Segment Start: INPUT MATERIAL

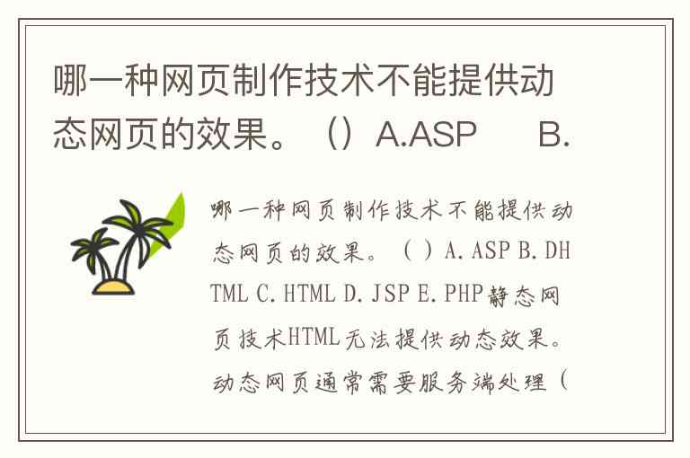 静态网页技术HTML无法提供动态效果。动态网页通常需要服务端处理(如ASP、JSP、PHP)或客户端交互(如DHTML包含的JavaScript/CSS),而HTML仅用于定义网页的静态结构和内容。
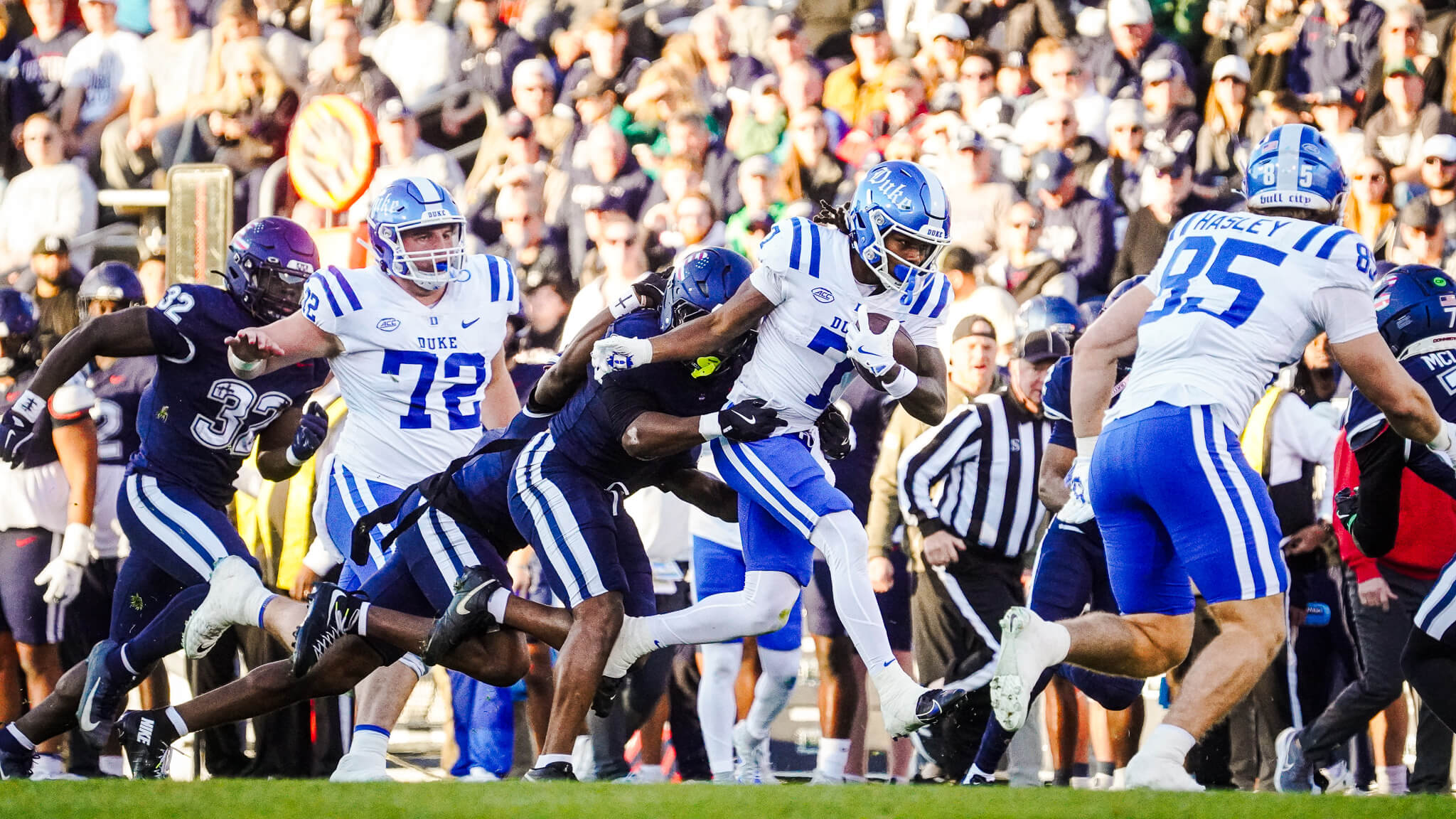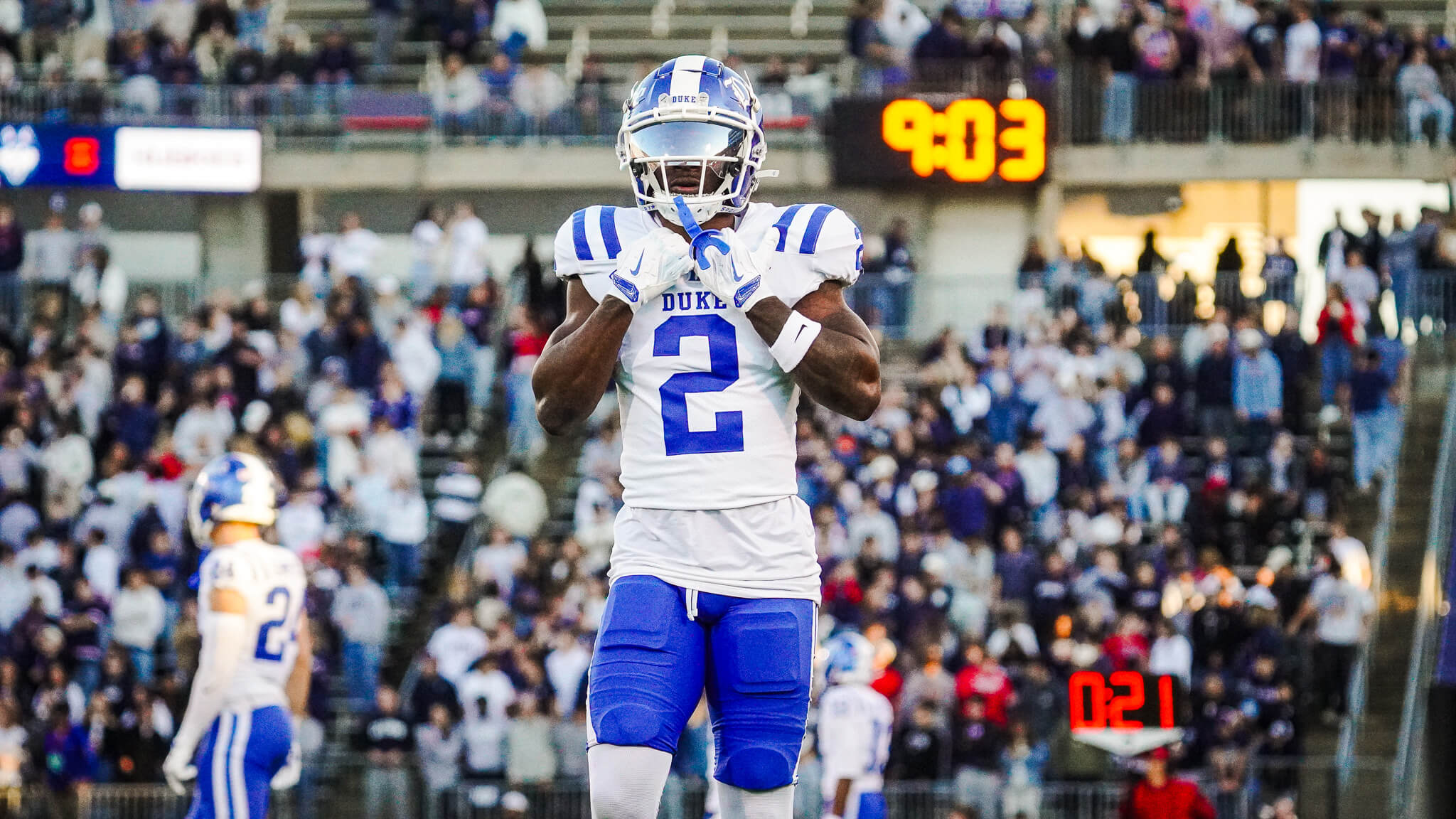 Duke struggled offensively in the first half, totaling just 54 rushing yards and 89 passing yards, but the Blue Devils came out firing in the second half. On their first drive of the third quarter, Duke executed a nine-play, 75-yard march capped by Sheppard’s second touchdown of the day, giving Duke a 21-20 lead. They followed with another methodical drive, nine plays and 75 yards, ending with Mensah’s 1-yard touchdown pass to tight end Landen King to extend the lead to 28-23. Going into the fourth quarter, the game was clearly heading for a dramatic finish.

Segment End: INPUT MATERIAL
Segment Start: INPUT MATERIAL

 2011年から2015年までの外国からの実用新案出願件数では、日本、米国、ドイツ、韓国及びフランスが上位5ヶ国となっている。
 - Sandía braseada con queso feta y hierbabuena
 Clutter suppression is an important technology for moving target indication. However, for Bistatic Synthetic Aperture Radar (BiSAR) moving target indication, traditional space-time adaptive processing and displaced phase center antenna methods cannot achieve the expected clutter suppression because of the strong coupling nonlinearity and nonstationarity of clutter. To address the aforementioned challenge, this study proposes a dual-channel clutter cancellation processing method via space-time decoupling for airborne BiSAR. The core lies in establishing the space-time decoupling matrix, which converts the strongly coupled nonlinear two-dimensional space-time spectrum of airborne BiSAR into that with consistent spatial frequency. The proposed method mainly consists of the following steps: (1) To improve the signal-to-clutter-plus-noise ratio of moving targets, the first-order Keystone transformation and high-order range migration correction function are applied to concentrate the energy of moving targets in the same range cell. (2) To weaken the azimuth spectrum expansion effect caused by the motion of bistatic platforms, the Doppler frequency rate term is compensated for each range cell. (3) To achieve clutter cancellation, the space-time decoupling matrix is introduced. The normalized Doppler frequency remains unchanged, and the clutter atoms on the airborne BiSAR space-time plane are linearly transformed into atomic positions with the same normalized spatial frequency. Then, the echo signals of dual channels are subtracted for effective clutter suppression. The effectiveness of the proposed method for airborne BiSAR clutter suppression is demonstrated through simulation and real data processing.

Segment End: INPUT MATERIAL
Segment Start: INPUT MATERIAL

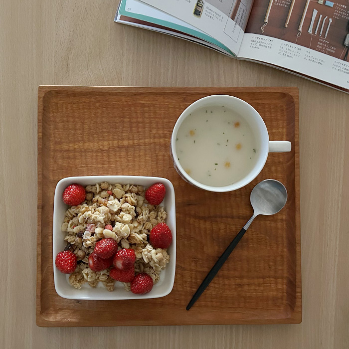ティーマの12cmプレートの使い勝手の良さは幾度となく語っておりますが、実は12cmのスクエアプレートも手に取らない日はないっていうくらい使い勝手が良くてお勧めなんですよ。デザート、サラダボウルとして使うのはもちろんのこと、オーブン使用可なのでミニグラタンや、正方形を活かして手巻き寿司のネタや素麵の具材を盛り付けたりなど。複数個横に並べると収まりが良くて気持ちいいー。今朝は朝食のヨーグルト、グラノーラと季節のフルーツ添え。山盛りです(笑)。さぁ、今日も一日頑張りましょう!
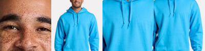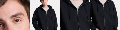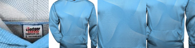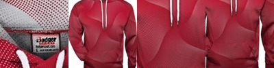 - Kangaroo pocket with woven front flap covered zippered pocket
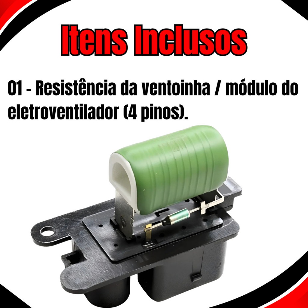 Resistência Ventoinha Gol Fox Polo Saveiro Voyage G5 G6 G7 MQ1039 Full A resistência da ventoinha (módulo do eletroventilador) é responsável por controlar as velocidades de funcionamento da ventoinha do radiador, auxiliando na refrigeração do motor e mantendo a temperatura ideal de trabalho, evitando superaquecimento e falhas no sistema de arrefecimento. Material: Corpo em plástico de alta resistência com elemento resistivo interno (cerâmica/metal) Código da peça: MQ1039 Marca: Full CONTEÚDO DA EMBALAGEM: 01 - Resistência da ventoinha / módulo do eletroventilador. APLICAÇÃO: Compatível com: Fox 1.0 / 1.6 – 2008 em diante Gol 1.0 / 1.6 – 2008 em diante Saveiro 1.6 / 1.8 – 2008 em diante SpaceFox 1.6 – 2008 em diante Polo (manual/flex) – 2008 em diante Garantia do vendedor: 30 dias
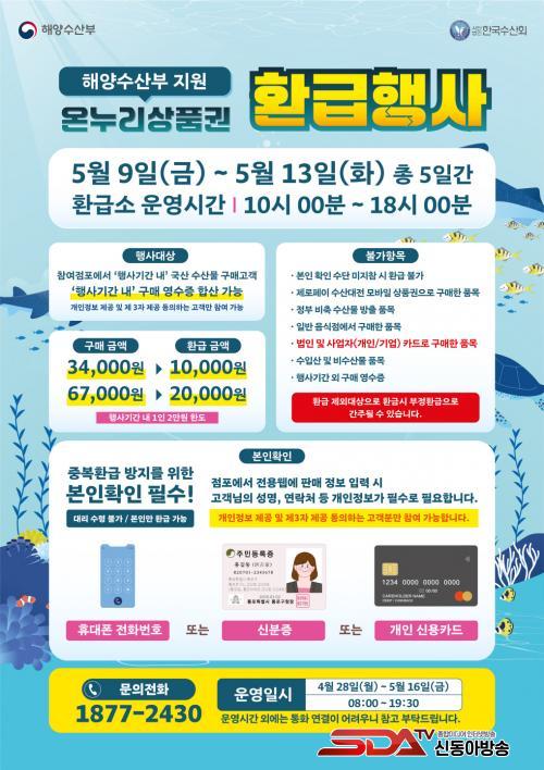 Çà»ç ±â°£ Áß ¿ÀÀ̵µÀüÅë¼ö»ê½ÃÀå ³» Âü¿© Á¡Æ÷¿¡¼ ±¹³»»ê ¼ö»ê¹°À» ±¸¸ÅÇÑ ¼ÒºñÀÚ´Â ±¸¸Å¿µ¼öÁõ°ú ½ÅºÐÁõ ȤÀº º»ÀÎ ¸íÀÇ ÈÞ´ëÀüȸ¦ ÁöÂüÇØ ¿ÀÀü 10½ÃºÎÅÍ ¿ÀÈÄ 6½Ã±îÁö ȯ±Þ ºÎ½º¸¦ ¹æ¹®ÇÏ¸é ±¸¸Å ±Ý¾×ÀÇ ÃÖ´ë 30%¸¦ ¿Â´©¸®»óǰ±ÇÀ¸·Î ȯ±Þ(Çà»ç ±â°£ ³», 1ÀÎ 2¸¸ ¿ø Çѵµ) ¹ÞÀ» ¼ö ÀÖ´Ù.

Segment End: INPUT MATERIAL

(WHAT TO WORK ON) From the data above, return exactly the lines from the one with "静态网页技术HTML无法提供" up to and including the one with "Duke struggled offensively". Pictures do not go in the copy.

(ANSWER SPACE)
 静态网页技术HTML无法提供动态效果。动态网页通常需要服务端处理(如ASP、JSP、PHP)或客户端交互(如DHTML包含的JavaScript/CSS),而HTML仅用于定义网页的静态结构和内容。
 Duke struggled offensively in the first half, totaling just 54 rushing yards and 89 passing yards, but the Blue Devils came out firing in the second half. On their first drive of the third quarter, Duke executed a nine-play, 75-yard march capped by Sheppard’s second touchdown of the day, giving Duke a 21-20 lead. They followed with another methodical drive, nine plays and 75 yards, ending with Mensah’s 1-yard touchdown pass to tight end Landen King to extend the lead to 28-23. Going into the fourth quarter, the game was clearly heading for a dramatic finish.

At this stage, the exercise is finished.